Jacksonville Daily Record by Mike Mendenhall
August 11, 2020
Florida 4th Judicial Circuit Judge Virginia Norton issued a ruling Aug. 10 that NextEra Energy Inc.’s proposed purchase price for JEA is public record and should be released, according to attorneys for the city.
City General Counsel Jason Gabriel told a City Council committee investigating the publicly owned utility’s 2019 attempt to privatize that Norton denied NextEra’s request for temporary and permanent injunctions to prevent the disclosure of the gross and net amounts the city would have received in the private energy company’s bid to purchase JEA.

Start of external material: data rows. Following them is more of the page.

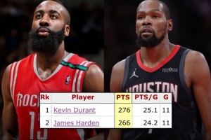 在代表火箭出戰(zhàn)的前11場(chǎng)比賽中,杜蘭特合計(jì)得到276分,超越哈登(266),隊(duì)史最多。
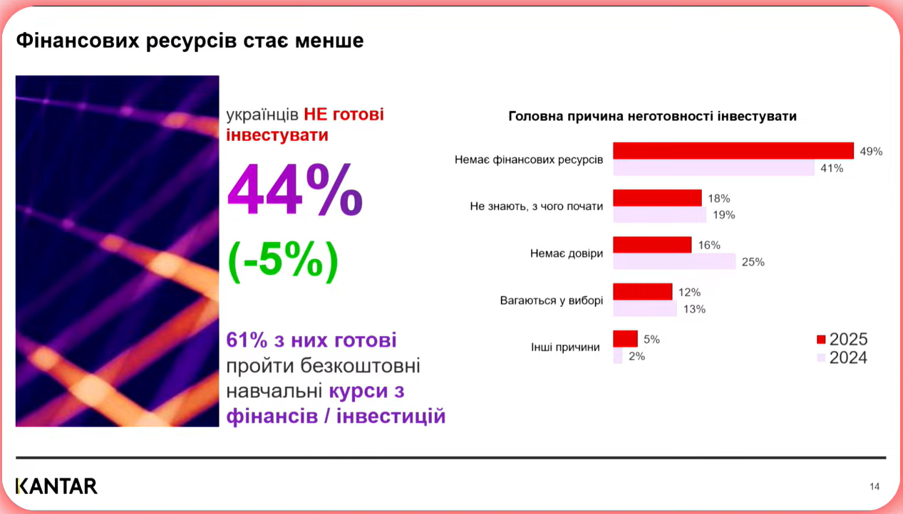 Общая ситуация и настроения инвесторов в Украине ухудшились по сравнению с прошлым годом. Об этом заявил директор по развитию бизнеса исследовательской компании «Кантар Украина» Кирилл Ежов, представляя результаты исследования инвестиционных настроений украинцев в 2025 году на конференции «Жизнь на проценты».
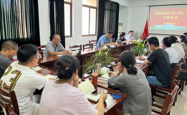 为了提高后勤干部职工管理能力和综合素养,8月22—23日后勤处开展暑期集中培训暨秋季开学工作部署会,后勤处领导班子成员、中心主任、党支部书记和骨干人员参加了会议。

NextEra, the parent of Florida Power & Light Co., is one of 16 private utility companies that bid on JEA’s invitation to negotiate last year — a process ended by JEA’s board of directors Dec. 24 after public and Council scrutiny.
NextEra was joined by two other JEA bidders, Duke Energy Corp. and American Water Works Company Inc., and filed a civil suit for the injunction Feb. 19 to keep bid amounts and other information out of the public record, claiming trade secrets.
Council member Rory Diamond sits on the four-member JEA investigatory committee. He said Aug. 10 that the amount NextEra and other companies bid is important for transparency and because it would show the amount of money JEA’s former senior leadership team, including fired former CEO Aaron Zahn, would have earned in a failed Long-Term Performance Unit Plan.